The Commissioner responds that the ALJ did not err in failing to include additional hand
limitations to the RFC, but even if she did, it constitutes harmless error because the vocational
expert identified work that Wright could perform even with such hand limitations.
The RFC reflects the most a claimant can do, rather than the least, and the ALJ expresses
the RFC in terms of the highest level of exertional work that the claimant is generally capable of
performing, but which is “insufficient to allow substantial performance of work at greater
exertional levels.” SSR 83-10, 1983 WL 31251 at *12; see also SSR 96-8p, 1996 WL 374184 at
*2 (recognizing an RFC represents the most that individual can do given limitations). The ALJ
must then determine whether the claimant’s RFC permits him to perform the full range of work
contemplated by the relevant exertional level. SSR 83-10, 1983 WL 31251 at *5. “[I]n order for
an individual to do a full range of work at a given exertional level the individual must be able to
perform substantially all of the exertional and nonexertional functions required in work at that
level.” SSR 96-8p, 1996 WL 374184 at *3.
If the claimant’s combined exertional and nonexertional impairments allow him to
perform some of the occupations classified at a particular exertional level, but not all of them,
the occupational base at that exertional level will be reduced to the extent that the claimant’s
restrictions and limitations prevent him from doing the full range of work contemplated by the
exertional level. See SSR 83-14, 1983 WL 31254 at *6 (“Where it is clear that additional
limitations or restrictions have significantly eroded the exertional job base set by the exertional
limitations alone, the remaining portion of the job base will guide the decision.”). The “ALJ
generally must accept evidence from a vocational expert, who, based on the claimant’s age,
education, work experience, and RFC, testifies whether there are jobs for such a person in the
national economy.” Morgan v. Barnhart, 142 F. App’x 716, 720-21 (4th Cir. 2005).

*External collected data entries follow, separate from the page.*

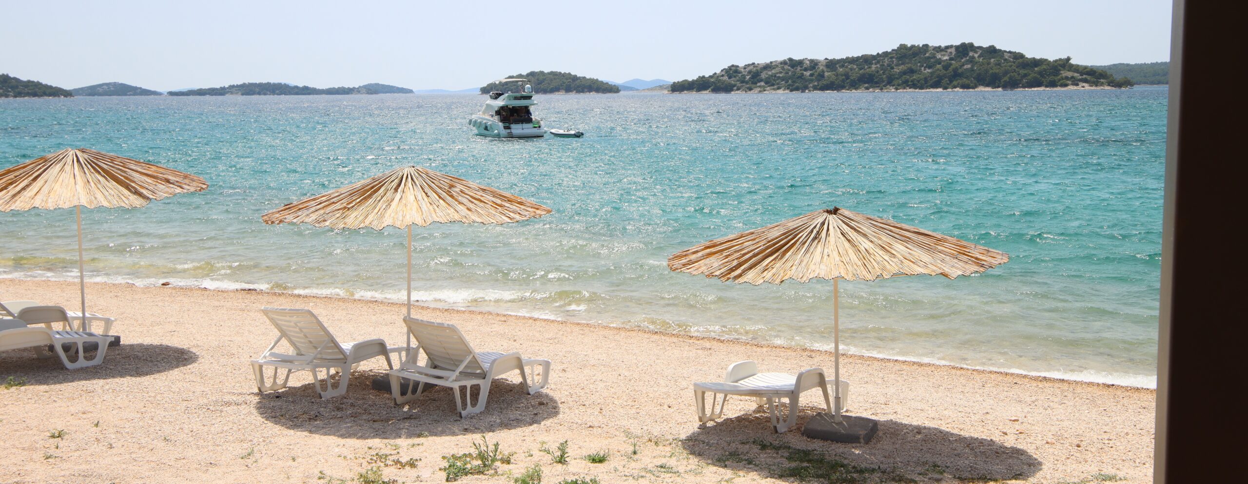 Der Strand ist übrigens nur 50 Meter entfernt und Mario & sein Team sorgen an der Beach-Bar für das leibliche Wohl. Kalte Getränke und Cocktails kann man hier mit direktem Blick auf das Meer genießen! Geplant ist sogar ein kleines Restaurant, mit frischen, typischen kroatischen Gerichten, was aber derzeit noch nicht fertig gestellt ist.
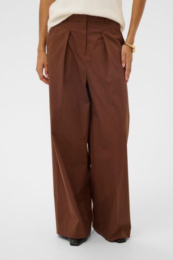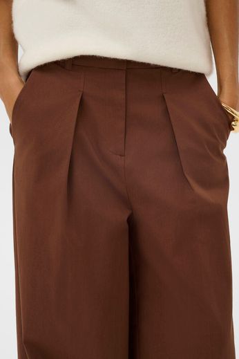 These cappuccino trousers feature wide legs and front pleats for a refined yet relaxed silhouette. The high waist and structured cotton fabric offer a clean and contemporary finis
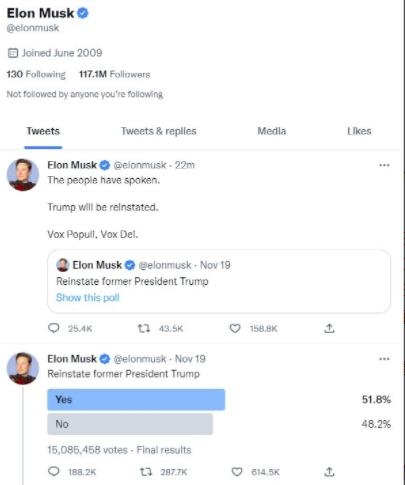 近日,推特新老板马斯克发起了一项投票,问网友是否应该解封特朗普的推特账号。最终投票结果显示,51.8%的网友投票选择了支持。马斯克随后发文称,“特朗普将解封。”2021年初国会骚乱发生后,推特曾以“存在进一步煽动暴力行为的风险”为由“永久封禁”特朗普的个人账户。

Finally, an ALJ’s RFC assessment must include those limitations which she finds to be
credible. See Burnett v. Comm’r of Soc. Sec., 220 F.3d 112, 121 (3d Cir. 2000); Hartranft, 181
F.3d at 362. Thus, to the extent that an ALJ finds some of a Plaintiff’s limitations less than
credible, she may properly exclude them from her RFC assessment. See e.g. Salles v. Comm’r
of Soc. Sec., 229 F. App’x 140, 147 (3d Cir. 2007).
As provided for above, the ALJ specifically cited to Wright’s contention that she had
difficulty with snaps or zippers; however, the ALJ found that this statement was inconsistent
with the actual examination findings that show no specific handling, feeling or fingering
limitations. (Tr. 31). Despite this finding, the ALJ afforded Wright the full benefit of the doubt
and accorded a significant decrease in exertion to sedentary, push/pull, postural, environmental
and mental limitations. (Tr. 32).
Nevertheless, even if this Court were to conclude that the ALJ erred by failing to include
the additional hand limitations in the RFC, such error is harmless. Foley v. Barnhart, 432
F.Supp.2d 465, 479 (M.D. Pa. 2005) (the court should affirm the ALJ’s decision “if there is ‘no
question that he would have reached the same result notwithstanding his initial error.’ ”)

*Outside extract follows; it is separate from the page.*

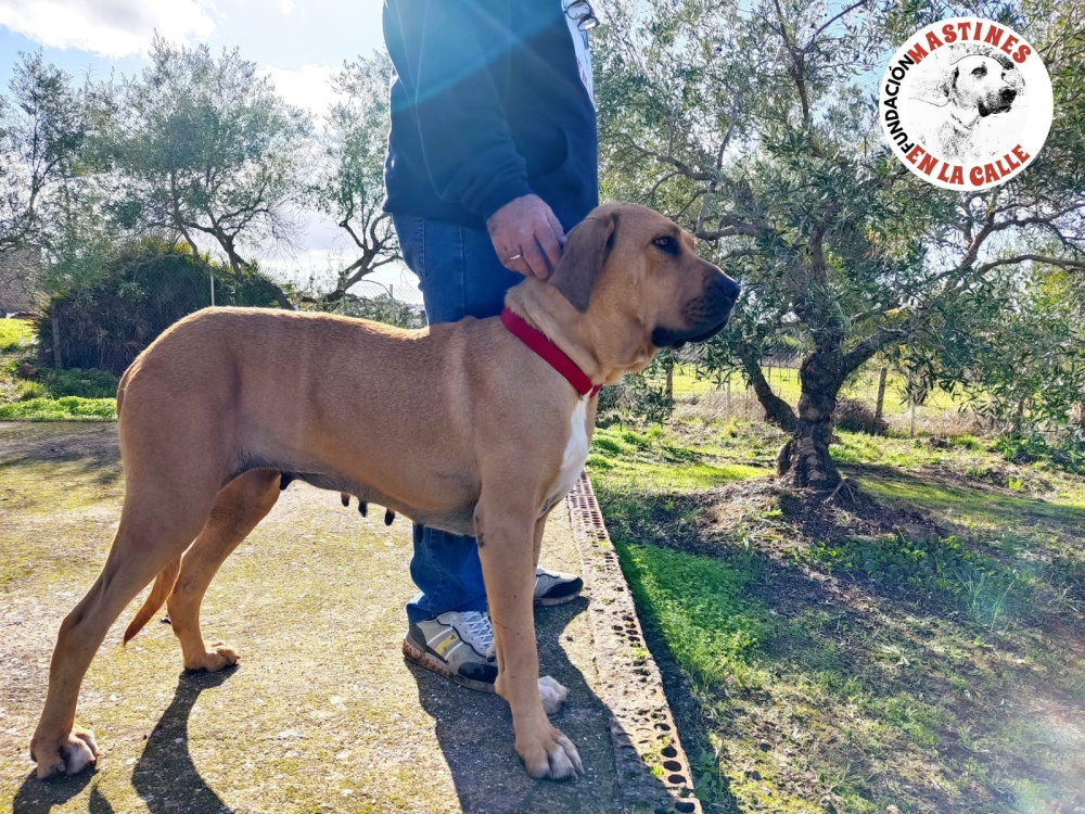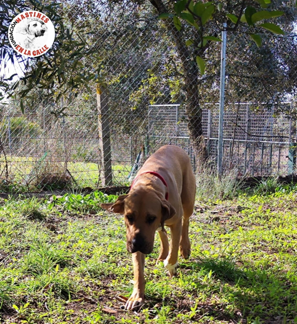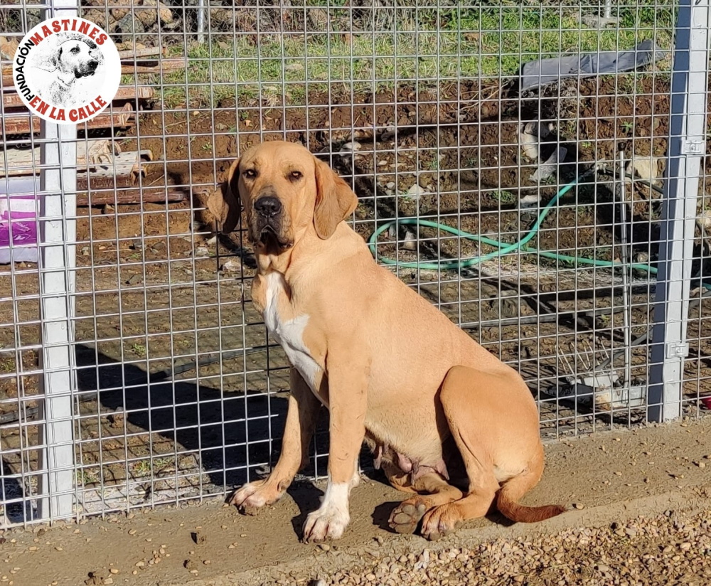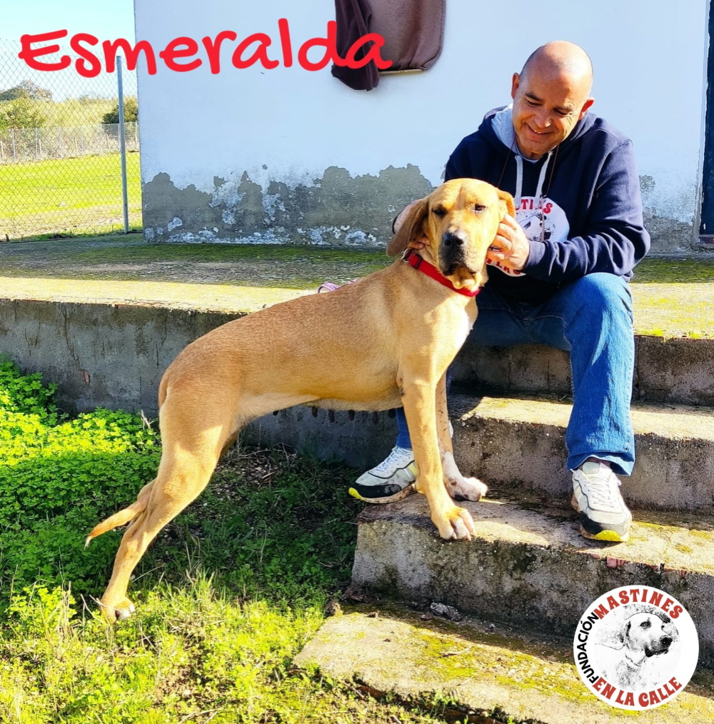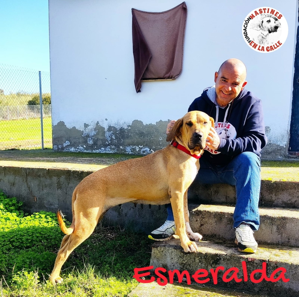 Esmeralda ist ein echtes Karamellbonbon von stolzen 40kg und einem riesigen sonnigen Herzen, das jedem Menschen, der mit ihr zu tun hat, ein Lächeln ins Gesicht zaubert. Unsere liebevolle und sehr kontaktfreudige Sabueso-Mix-Dame ist ca. 2 Jahre alt (Stand 12/25) und wurde auf der Landstraße ausgesetzt. Zum Glück waren die Tierschützer von „Mastines en la Calle“ schneller als die Hundefänger und konnten diese wundervolle, imposante und doch so zärtliche Knutschkugel retten.

(quoting Mickles v. Shalala, 29 F.3d 918, 921 (4th Cir. 1994)). The error is harmless because
the vocational expert testified that even with the additional hand limitations, Wright could
perform the job of a video monitor, with 16,500 of those jobs existing in the national economy.
(Tr. 79-80). Accordingly, the ALJ’s decision will be affirmed.
A review of the administrative record reveals that the decision of the Commissioner is
supported by substantial evidence. Accordingly, pursuant to 42 U.S.C. § 405(g), the decision of
the Commissioner will be affirmed. An appropriate order will be entered.